The relationship between risk of falls and cognitive losses is interesting because it highlights an unexpected point that walking, as effortless and unconscious as it may seem, does take up substantial amounts of our mental capacity.  Sal Connolly found this while collecting data for a PhD thesis in Manchester. In what she called her “Gerry Ford Experiment”  after an alleged remark by Lyndon Johnson that his successor, Gerry Ford, “couldn’t walk and chew gum at the same time”. This was the LBJ famous for many brutal comments such as “If you have them by the balls their hearts and minds will surely follow”. LBJ does not deserve recognition for an early insight in understanding a relationship between  cognition and movement because his actual pungent comment was that the unfortunate Ford “Could not fart and chew gum at the same time”. (I mention this only for sake of historical accuracy. Please do not think too long about it).

Sal gave older people easy tasks such as simple mental arithmetic while they were guided through a short, easy safe indoor path. Doing an additional task caused many of them to go walk more slowly and some to trip and stumble. She found that  those whose walking was most affected by these additional mental tasks had previously suffered, and recovered from strokes which had, by the time she tested them, affected their gait  only very slightly or not at all. They had no problem unless they were distracted by simple mental tasks.  Excellent studies at the Berlin Max Planck Developmental Psychology headed by Ulman Lindenberger and colleagues 3,4  have since confirmed and extended Sal’s results by showing that not only recovered stroke patients but also healthy elderly people have difficulties in combining mental tasks with walking.

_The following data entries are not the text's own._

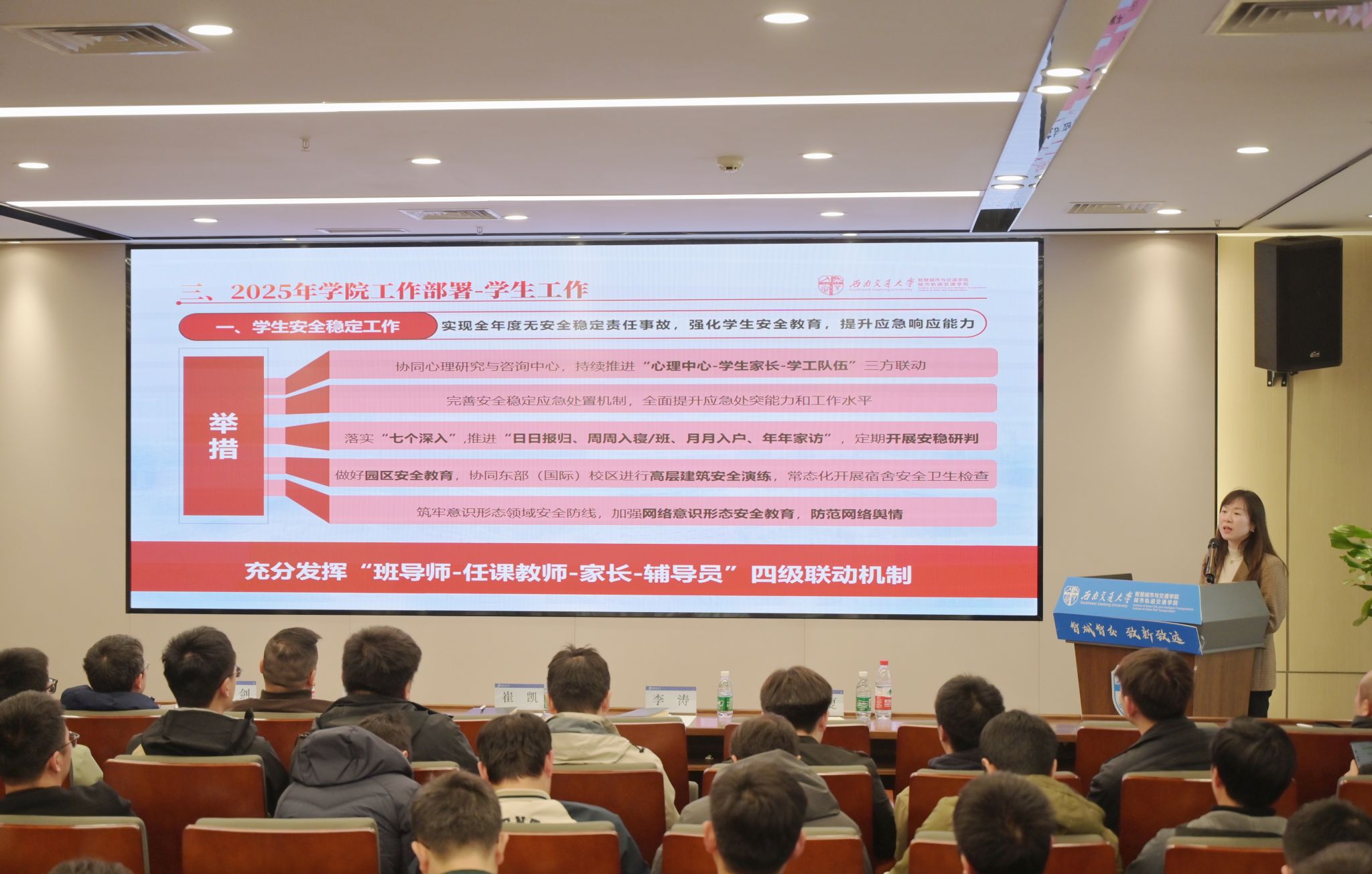 夏夏从学生安全稳定工作、校区搬迁工作、高质量就业工作、学生工作一流建设四部分汇报部署了2025年av影片直播
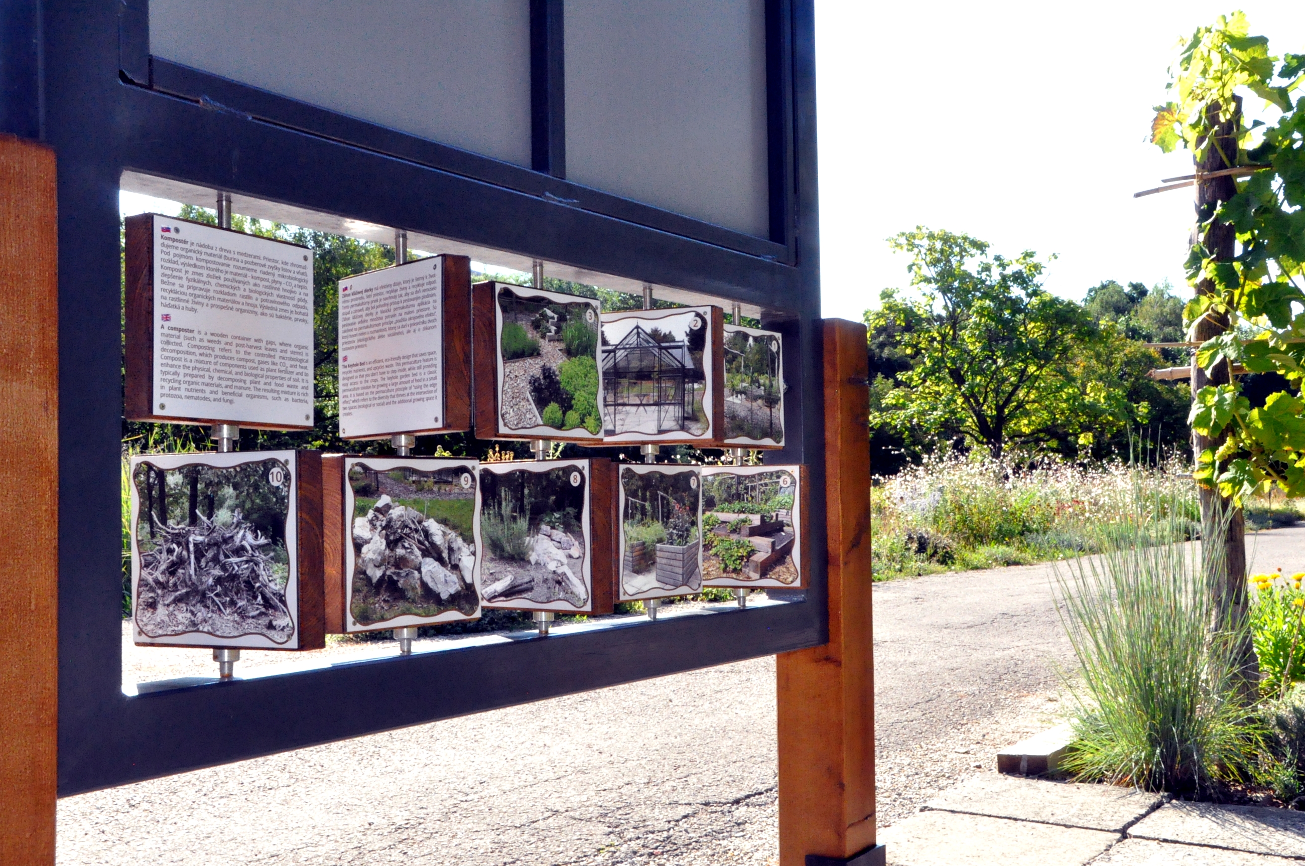 Pozostáva z viacerých zón, medzi ktorými je jedlý les, lúka, vyvýšené záhony, záhon „kľúčové dierky“ a bylinkový labyrint. Nechýba ani oddychová zóna. „Ukážkovú záhradu sme vytvorili najmä ako inšpiráciu pre ľudí. Chceli sme ukázať, že aj na malom pozemku možno vytvoriť udržateľný a bohatý ekosystém. Stále je v nej niečo zaujímavé na pozorovanie či konzumáciu, napríklad bobule, listy, stonky, korene či huby,“ hovorí odborná zamestnankyňa Botanickej záhrady SPU inžinierka Jana Šlosárová.
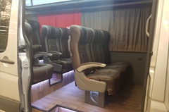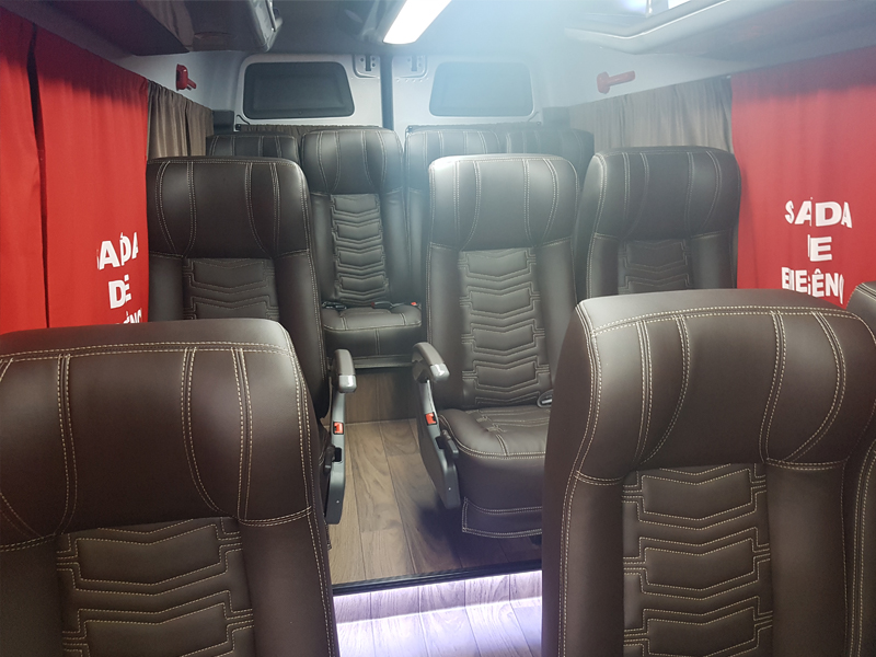 Equipados com ar-condicionado, som ambiente, tv, conexão para notebooks, tomada 110v, wi-fi, vidros escuros, poltronas reclinaveís e capacidade para até 15 pessoas.

Fortunately there are many things that we elderly can do to rehabilitate ourselves and keep spry. For example an article in the Journal of the Academy of Nurse Practitioners reports the experience of elderly patients who were enrolled in a 9 week course in Jazz Dance 5 . Within three weeks of joining, and throughout the rest of the course, volunteers experienced significant improvements in balance and stability, cognitive ability and also more positive mood. Studies of elderly Chinese show that Tai-Chi preserves their balance and flexibility. An especially heroic experiment also found that regular Tai-Chi practice allows even older practitioners to preserve their balance in spite of disorienting stimulation of their vestibular systems 6 . So let’s hear it for National Falls Awareness Week! Time to make rehabilitative resolutions. Line Dancing! Yoga! Pilates! Tai Chi! Determined Long Walks!




  1. van Dieen, J.H., Pijnapples, M., Bobbert, M.F. (2005). Age –related intrinsic limitations in preventing a trip and in regaining balance after a trip. Safety Science, 43, 437-453.

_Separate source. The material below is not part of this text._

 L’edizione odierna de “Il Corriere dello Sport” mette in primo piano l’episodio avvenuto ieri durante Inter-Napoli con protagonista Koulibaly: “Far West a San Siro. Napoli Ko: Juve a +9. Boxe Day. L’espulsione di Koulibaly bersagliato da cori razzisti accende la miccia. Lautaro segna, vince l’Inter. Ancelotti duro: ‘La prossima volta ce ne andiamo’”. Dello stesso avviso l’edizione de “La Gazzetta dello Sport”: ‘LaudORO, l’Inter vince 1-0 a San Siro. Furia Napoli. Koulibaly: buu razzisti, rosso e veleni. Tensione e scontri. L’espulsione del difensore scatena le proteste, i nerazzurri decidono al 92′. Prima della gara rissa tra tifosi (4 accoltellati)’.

  2. Heikkinen, E.P., Gause-Nilsson, I., & Schroll, M. (2002). Postural balance in elderly people: changes over a five-year follow-up and its predictive value for survival. Aging and Clinical and Experimental Research, 14, 37-46.
  3. Lindenberger, U., Marsiske, M., Baltes, P.B. (2000) Memorizing while walking: Increase in dual-task costs from young adulthood to old age.
  4. Lindenberger, Ulman; Marsiske, Michael; Baltes, Paul B.     Psychology and Aging,  15  417-436.
  5. Allpert, P.T., Miller, S.K., Wallman, H., Havey, R. et al.  (2009). The effect of modified jazz dance on balance, cognition, and mood in older adults. Journal of the Academy of Nurse Practitioners, 21, 108-115.
  6. Tsang, W.W. and Hui-Chan, C.W. (2006).  Standing balance after vestibular stimulation in Tai Chi-practicing and nonpracticing healthy older adults. Archives of Physical Medicine and Rehabilitation.  87, 546-553.